Short for infertility, a disease resulting in the abnormal functioning of the male or female reproductive system. There are many causes, some known and many unknown. It is often merely a matter of chance, a condition that arises with little explanation.
I have to confess that I had not thought all that much about infertility as an illness until I encountered ART of Infertility, a “an infertility artwork, oral history and portraiture project.” This art exhibit is a compilation of infertility stories expressed through various artistic media, by a diverse range of women who have experienced or are experiencing infertility.
I’ve been struggling to write about this exhibit for months now, but nothing I say seems to do it justice. I guess I just want to say that this exhibit moved me in inexplicable ways. The stories that these women share, the art that they use to express their own inexplicable emotions were incredibly powerful. Their words, their symbols, the hues and textures and things were all used to convey the spectrum of ways that infertility touched each of their lives and their selves.

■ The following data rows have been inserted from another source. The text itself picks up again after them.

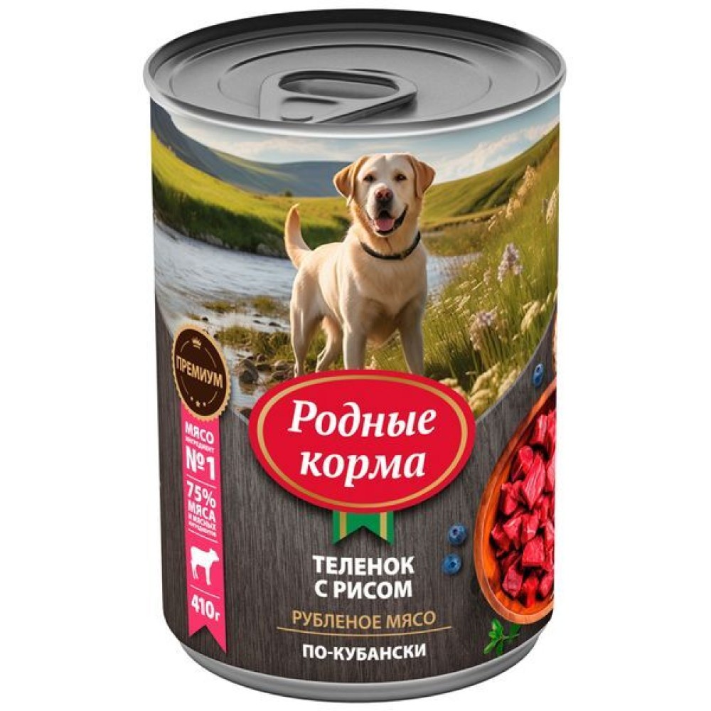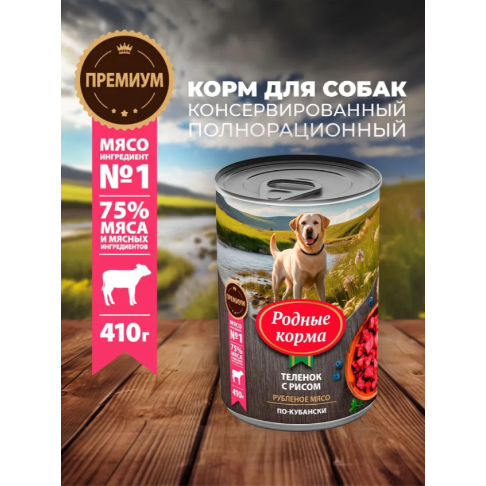 Полнорационный консервированный корм для собак от бренда Родные корма – это 75% мяса и мясных ингредиентов в составе!!
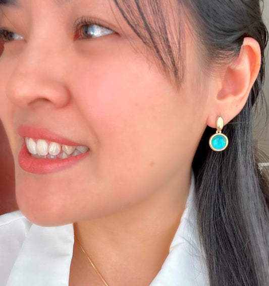 Brinco Madrepérola Azul com Gancho Banho Ouro 18k
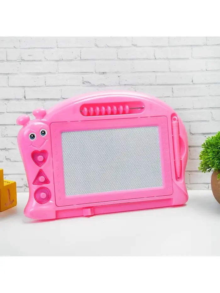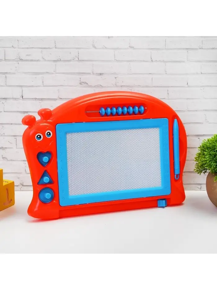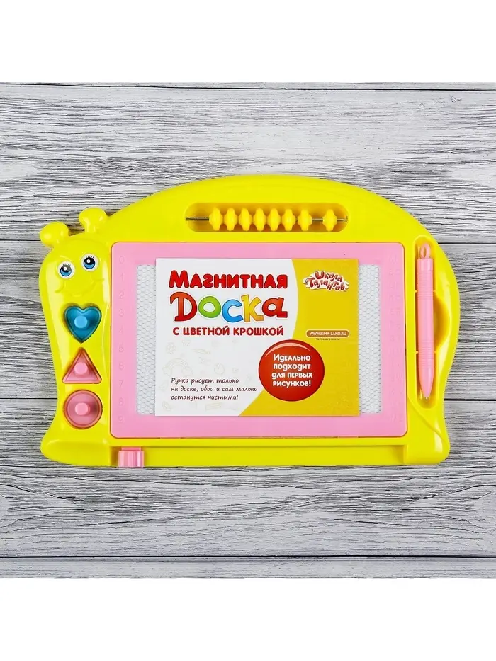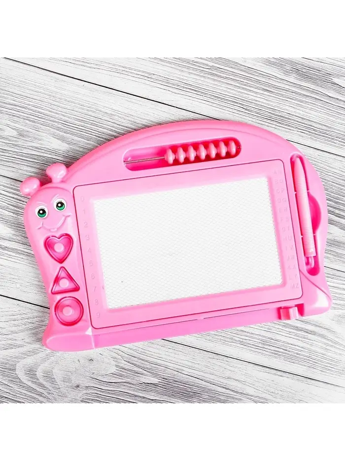 Магнитная доска «Улитка» — это удобная и яркая игрушка для рисования, которая помогает ребёнку творить без бумаги, красок и фломастеров. Рисунки создаются с помощью стилуса и магнитных штампов, а затем легко стираются, позволяя начинать снова и снова.
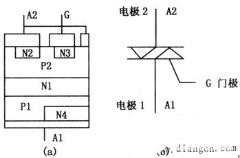 双向晶闸管(TRIAC) 具有公共门极的一对反并联普通晶闸管,其结构和符号见图。图中N2区和P2区的表面被整片金属膜连通,构成双向晶闸管的一个主电极,此电极的引出端子称为主端子,用A2表示;N3区和P2区的一小部分被另一金属膜连通,构成一对反并联主晶闸管的公共门极端,用G表示;P1区和N4区被金属膜连通,构成双向晶闸管的另一个主电极,叫做主端子A1。这样,P1-NI-P2-N2和P2-N1-P1-N4就分别构成了双向晶闸管中一对反并联的晶闸管的主体

The ART of Infertility prompted me to realize just how many potential triggers exist in our society for those who are infertile. As a society, we make so many assumptions about how those who are married will have children (or, side note, even those who are not married, for family planning comes up in many professional development discussions with women in medicine it seems). It reminded me of how intimately femininity is often intertwined with the ability to bear children. While this is not always the case, it’s one thing to make the decision not to have children; it’s another thing all together to not have the ability to make that choice.
For those with infertility, the constant reminders of one’s infertility may seem ever-present. Menstruation may be a monthly reminder, a taunt about the body’s reproductive shortcomings. Those struggling with infertility may be surrounded by constant reminders as their peers procreate without problem. There are so many challenges to one’s self that can be inflicted by infertility, challenges that are best told by those who experience it themselves.
I guess infertility is another illness that urges me to wonder how we as a society, as strangers, friends, and family to those invisibly suffering, can cultivate a more sensitive environment. Can we open our minds to the variety of ways that people choose to live their lives and the many aspects that may lie outside of their control? Is it possible for us to cultivate a culture of sensitivity that reconciles the course of majorities with the various paths taken by everyone else? How do we escape the limitations of assumptions and make space for human diversity?